** STORED DATA follows **

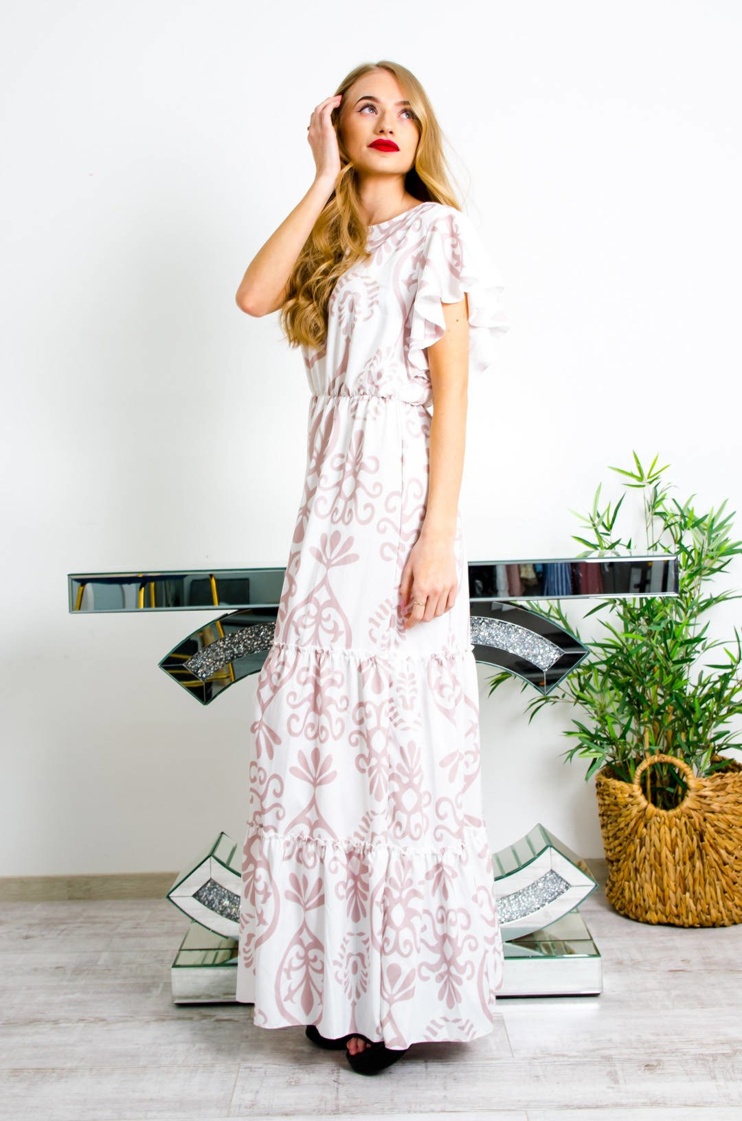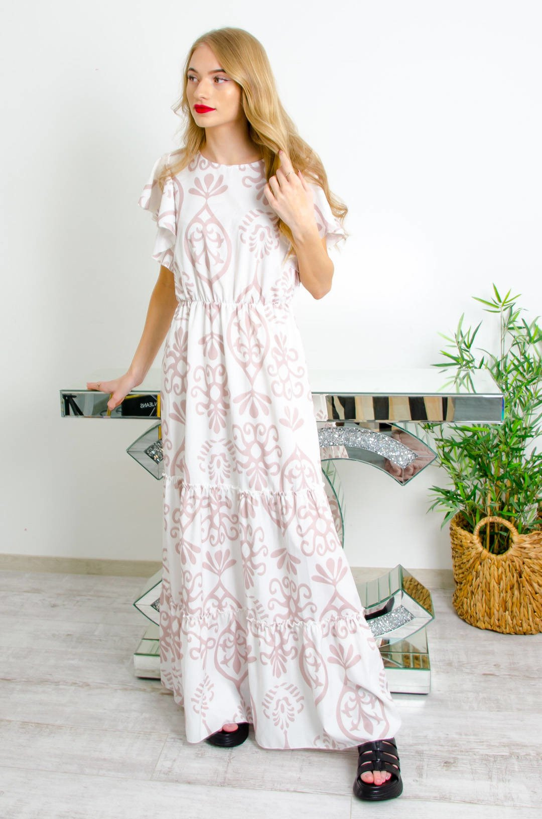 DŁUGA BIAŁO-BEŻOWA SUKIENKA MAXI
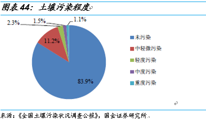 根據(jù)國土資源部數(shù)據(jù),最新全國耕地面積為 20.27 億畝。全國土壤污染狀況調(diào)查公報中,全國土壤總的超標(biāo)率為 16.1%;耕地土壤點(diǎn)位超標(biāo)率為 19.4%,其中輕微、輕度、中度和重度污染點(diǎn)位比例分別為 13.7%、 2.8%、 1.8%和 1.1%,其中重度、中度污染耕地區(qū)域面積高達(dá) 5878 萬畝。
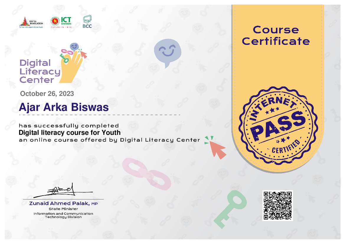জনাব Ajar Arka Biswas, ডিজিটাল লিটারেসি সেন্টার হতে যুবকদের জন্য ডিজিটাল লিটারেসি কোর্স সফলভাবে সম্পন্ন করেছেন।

** End of STORED DATA **

• **YOUR GOAL**
Where a picture appears in the material above, skip it, and print the rest exactly.

• **EXPECTED OUTPUT**
 DŁUGA BIAŁO-BEŻOWA SUKIENKA MAXI
 根據(jù)國土資源部數(shù)據(jù),最新全國耕地面積為 20.27 億畝。全國土壤污染狀況調(diào)查公報中,全國土壤總的超標(biāo)率為 16.1%;耕地土壤點(diǎn)位超標(biāo)率為 19.4%,其中輕微、輕度、中度和重度污染點(diǎn)位比例分別為 13.7%、 2.8%、 1.8%和 1.1%,其中重度、中度污染耕地區(qū)域面積高達(dá) 5878 萬畝。
জনাব Ajar Arka Biswas, ডিজিটাল লিটারেসি সেন্টার হতে যুবকদের জন্য ডিজিটাল লিটারেসি কোর্স সফলভাবে সম্পন্ন করেছেন।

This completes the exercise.